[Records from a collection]
════════════════════
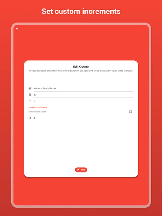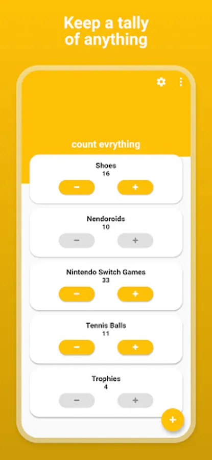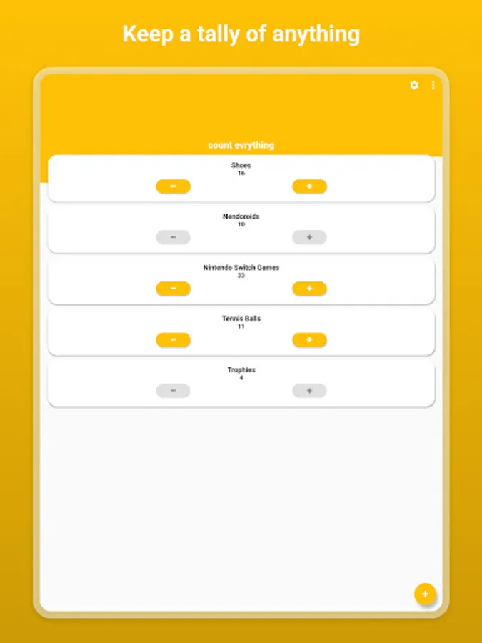Count everything from score, how many wins, people, kisses, games, cars or anything you need to keep track of! Tally your stuff in style.
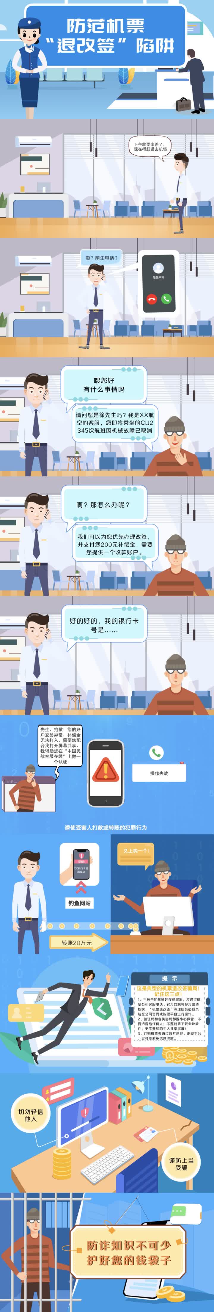 网事法眼|长图:防范机票“退改签”诈骗陷阱
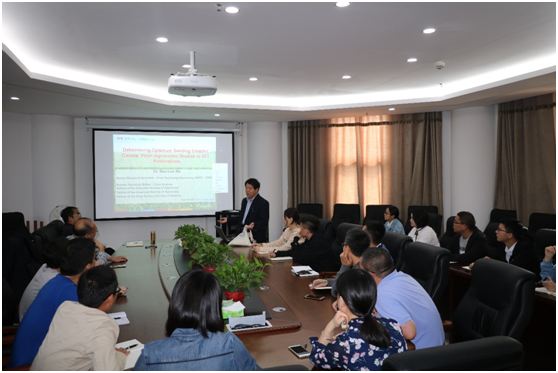 教师、研究生作了题为“Determining Optimum Seeding Date for Canola:From Agronomic Studies to SCI Publication”的学术报告,并就田间试验设计、数据整理分析、SCI论文写作及大田作物栽培生理研究热点等问题与师生进行了广泛而深入的交流和探讨。报告会由91吃瓜
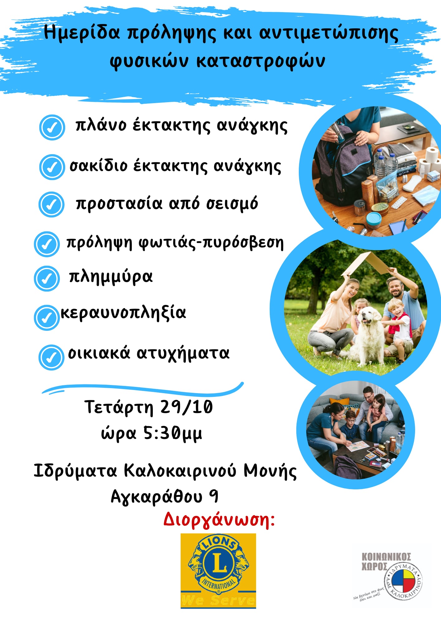 Για όλα τα παραπάνω, η Λέσχη Lions ΚΝΩΣΟΣ ανακοινώνει τη διεξαγωγή ενημερωτικής ημερίδας, ανοικτή για το κοινό, με θέμα την Πρόληψη & την Αντιμετώπιση Φυσικών Καταστροφών.
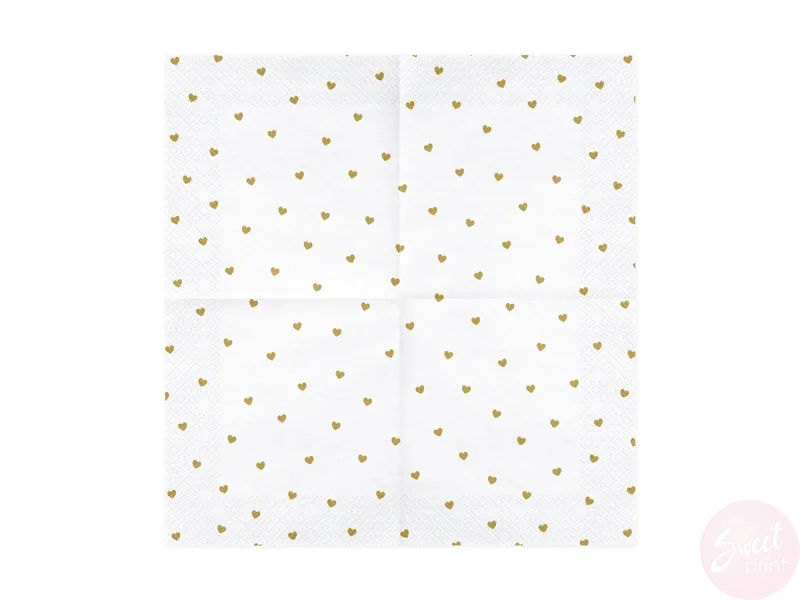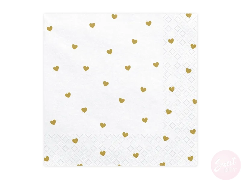 Białe, papierowe serwetki w złote serduszka będą ozdobą każdego imprezowego stołu czy bufetu.
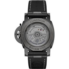 Die Panerai Luminor GMT PAM01460 vereint ikonisches Design mit moderner Funktionalität und verkörpert die unverwechselbare DNA der Marke. Als Sinnbild italienischer Ästhetik und Schweizer Uhrmacherkunst präsentiert sich die Luminor mit ihrem markanten 40-mm-Gehäuse aus Keramik und der charakteristischen, patentierten Kronenschutzbrücke. Im Inneren arbeitet das automatische Manufakturkaliber P.900 mit einer Gangreserve von drei Tagen. Ausgestattet mit Incabloc®-Stoßsicherung und einer Frequenz von 28.800 Halbschwingungen pro Stunde steht es für Zuverlässigkeit und Präzision. Neben Stunden und Minuten bietet die Uhr eine kleine Sekunde, eine GMT-Funktion zur Anzeige einer zweiten Zeitzone sowie ein Datumsfenster. Das schwarze, sonnengebürstete Sandwich-Zifferblatt mit weißen Super-LumiNova®-Ziffern und -Indizes sorgt für optimale Ablesbarkeit bei Tag und Nacht. Datum bei 3 Uhr und kleine Sekunde bei 9 Uhr fügen sich harmonisch in das klare Design ein. Die Lünette aus mikro-sandgestrahlter und polierter Keramik unterstreicht den sportlich-eleganten Charakter. Der verschraubte Gehäuseboden aus DLC-beschichtetem Titan mit rauchfarbenem Saphirglas gewährt Einblick in das Uhrwerk. Getragen wird die Uhr an einem schwarzen Kalbslederarmband mit weißen Nähten; zusätzlich gehört ein schwarzes Kautschukarmband zum Lieferumfang. Dank des PAM Click Release Systems™ lassen sich die Armbänder schnell und unkompliziert wechseln. Die Luminor GMT PAM01460 ist damit ein vielseitiger Begleiter, der markantes Design, technische Raffinesse und hohen Tragekomfort perfekt miteinander verbindet.Produktspezifikationen
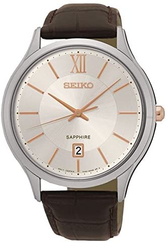 Brand Name Seiko Model number SGEH55P1 Part Number SGEH55P1 Item Shape Round Dial window material type sapphire glass Case material Stainless Steel Case diameter 42 millimetres Case Thickness 8 millimetres Band Material Leather Band width 12 millimetres Band Color Brown Dial color Silver Special features calendar Item weight 80 Grams Movement Quartz Display Type Analog
════════════════════
■ Task to carry out: Quote the data above exactly from the line with "Optimum Seeding Date" to the line with "Białe, papierowe serwetki", both ends counted, and nothing else. Pictures don't go in.

■ Exercise result:
 教师、研究生作了题为“Determining Optimum Seeding Date for Canola:From Agronomic Studies to SCI Publication”的学术报告,并就田间试验设计、数据整理分析、SCI论文写作及大田作物栽培生理研究热点等问题与师生进行了广泛而深入的交流和探讨。报告会由91吃瓜
 Για όλα τα παραπάνω, η Λέσχη Lions ΚΝΩΣΟΣ ανακοινώνει τη διεξαγωγή ενημερωτικής ημερίδας, ανοικτή για το κοινό, με θέμα την Πρόληψη & την Αντιμετώπιση Φυσικών Καταστροφών.
 Białe, papierowe serwetki w złote serduszka będą ozdobą każdego imprezowego stołu czy bufetu.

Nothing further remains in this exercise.